Tuesday 22 October 2013

Alzheimer's...

My dad has Alzheimer's.

We, his four adult children, his son-in-law and daughter-in-law, noticed something was wrong beyond the usual forgetfulness, oftern associated with age, in the late Summer of 2011.

We spent months trying to convince each other, (and ourselves), that he wasn't very different to 'usual'.  


We knew nothing of Alzheimer's: of it's insidious creeping up on the victim and his or her friends and family; of it's tendency to hide for a while by it's coming and going.  

Then Christmas came around and Dad came to my house to spend Christmas day.  Last year, we'd sat at the same table to eat our Christmas lunch.  We'd sat on the same settee opening presents, watching TV, chatting, laughing.  But this year my Dad was too quiet.  Too distant.  Confused.

It's been a long and hard road since then.  He was formally diagnosed with Alzheimer's disease mixed with Vacular Dementia , in March 2013.  He was 75 years old.

The Bad Bits 
  • Our dad has aged.  We didn't know that a common symptom of Alzheimer's is a loss of balance.  This has resulted in a lurching and stooped walk. 
  • Our dad is shocked every time we tell him he has Alzheimer's.  It confuses him - even more.
  • Forgetting 'events', not remembering what has happened or is going to happen, is the least stressful symptom - for Dad and for us!  
  • He has lost his reasoning skills.  This means that he sees my brother, (who now lives with him), walk into the kitchen in a dressing gown EVERY MORNING and thinks that he's popped in for a chat.  It means that paying two men £7000 to wash his driveway seemed fine.  Paying them another £7000 a week later to clean the patio in the garden also seemed OK.
  • Medical appointments are frightening for him. His short-term memory is all but gone.  As he holds out his arm for an injection, he's already forgotten why he's been asked to hold it out. He's in a room he can't remember going into, with a person he doesn't know, having a needle pointed right at him!
  • He forgets to eat, to wash, to clean the house. 
  • We have had to seek out and ask for every bit of practical and emotional support my dad and us, his carers, receive.  We didn't know where to start, what was available, what to ask for.
I won't go on. 

The Good Bits
  • There are good bits.
  • My dad has become nice!  He didn't particulalrly used to be when we were all growing up.  He went through a frightened, shouting, violent stage when the Alzheimer's began to really get a hold - before he was given the right medication. 
  • He was always such a shy, withdrawn, troubled person.  Now he is calmer, kinder, friendlier than he's ever been.
  • He remembers, and talks about, the good things from his past.  They make him happy.
  • He's funny!  He makes jokes!  I'd never known him do this before.
  • He has his family around him. Caring about him. 
  • The people who work at Leicester Social Services Department have all been fantastic, supportive and friendly.

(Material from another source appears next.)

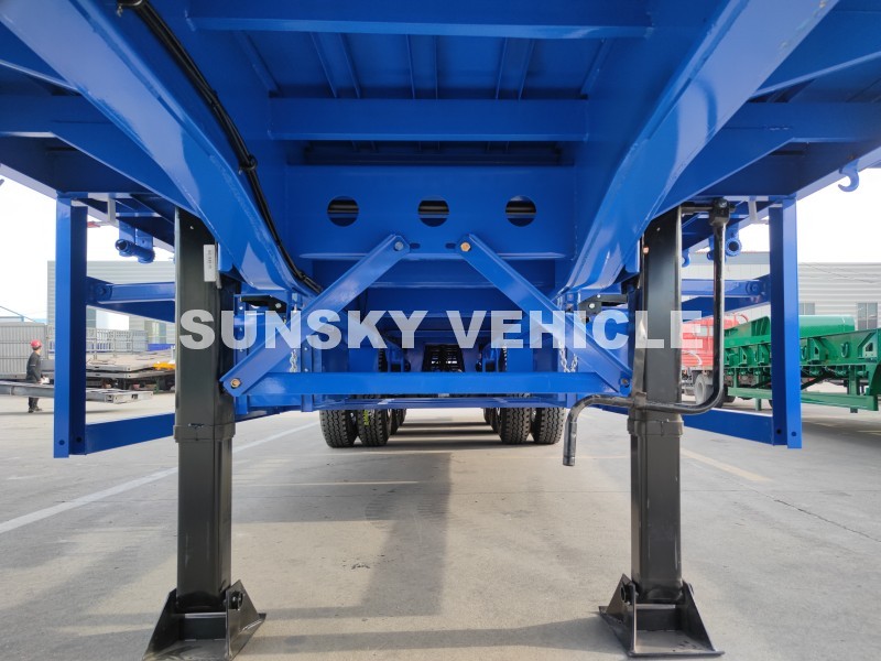 Оси: 3 оси, грузоподъемность 16 тонн, марка FUWA — всемирно признанный бренд в сфере тяжелых перевозок.Шасси: Оснащено 28-тонным шасси марки JOST с двухскоростным ручным управлением для устойчивой стоянки и легкого снятия.
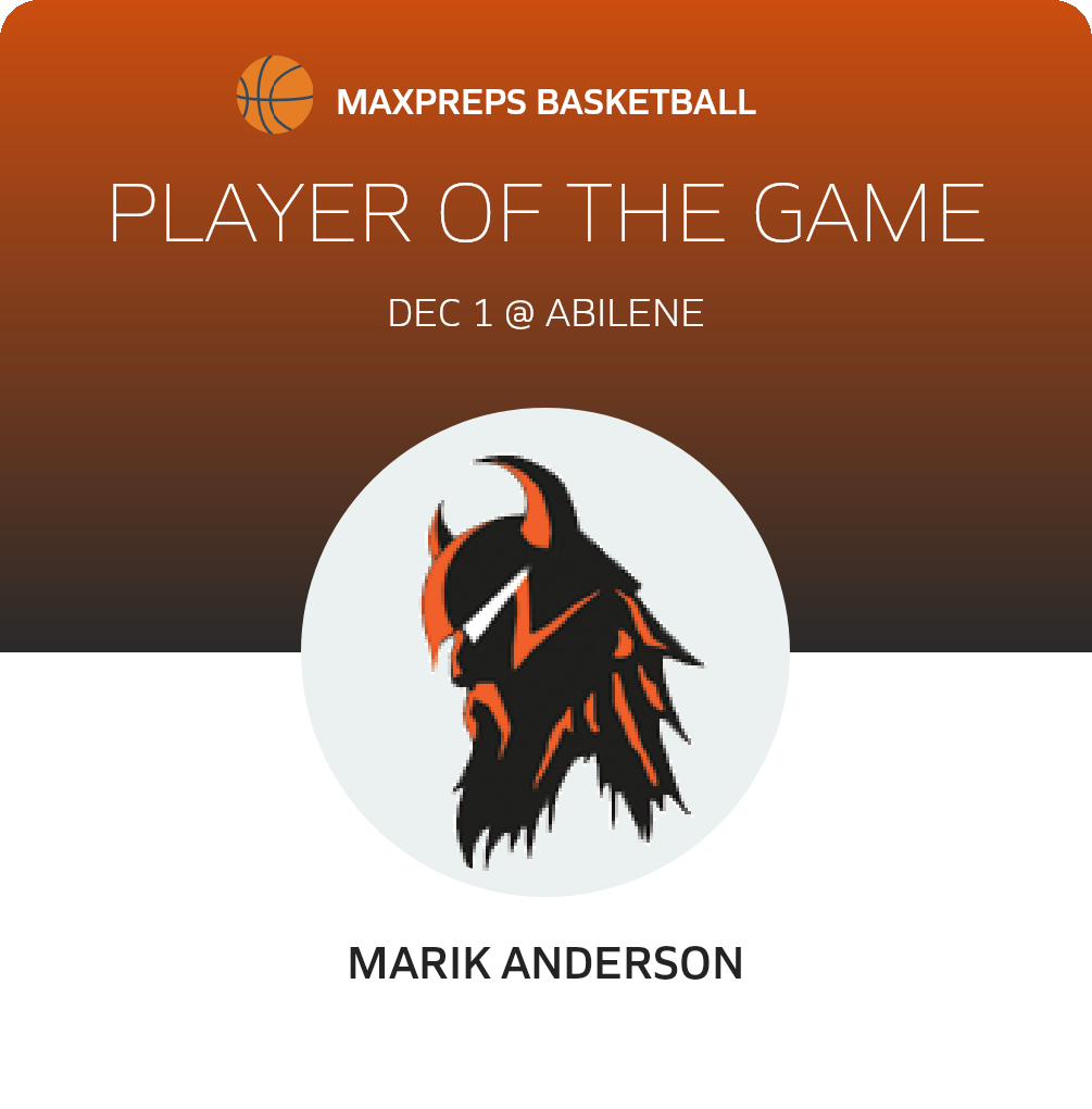 Congratulations to #23 Marik Anderson for being selected the Smoky Valley JV Basketball Player of the Game.

                        Dad on a happy day with one of his grandsons

Taking Each day as it Comes 

This is how we all live now.  The family.  Somehow, we've settled into a laid-back, (ish), cooperative, supportive unit.  Taking each day as it comes.  Seeing the bright side of watching my dad change.

Last week I took my dad to meet up with the rest of the '25 Year Plus Club' - a reunion of long serving workers from the company he used to work at.  Almost all of them are retirees.  Many are now in their eighties.  My dad didn't remember any of them!  He had a lovely day!  

Everyone who knew him came up for a chat.  They told him who they were, how they knew him, and were kind to him.  They reminded him of things they had done together.  The look of amazement on his face, to hear of this life he can't remember, was sad - but also lovely to see.  He was happy - for the whole afternoon.  I was glad to have been the one to take him there.

We don't know what will happen next - how our dad will change.  But we'll cope with that when the time comes...

http://www.alzheimers.org.uk/ 

I'd love to hear your comments.  Either on this post, or about your own experiences of Alzheimer's.







8 comments:

  1. Wow - thanks for sharing this with me. Though I don't have anyone in my life now that has been diagnosed with Alzheimer's - I can certainly appreciate your journey. Thank goodness for a close, supportive family.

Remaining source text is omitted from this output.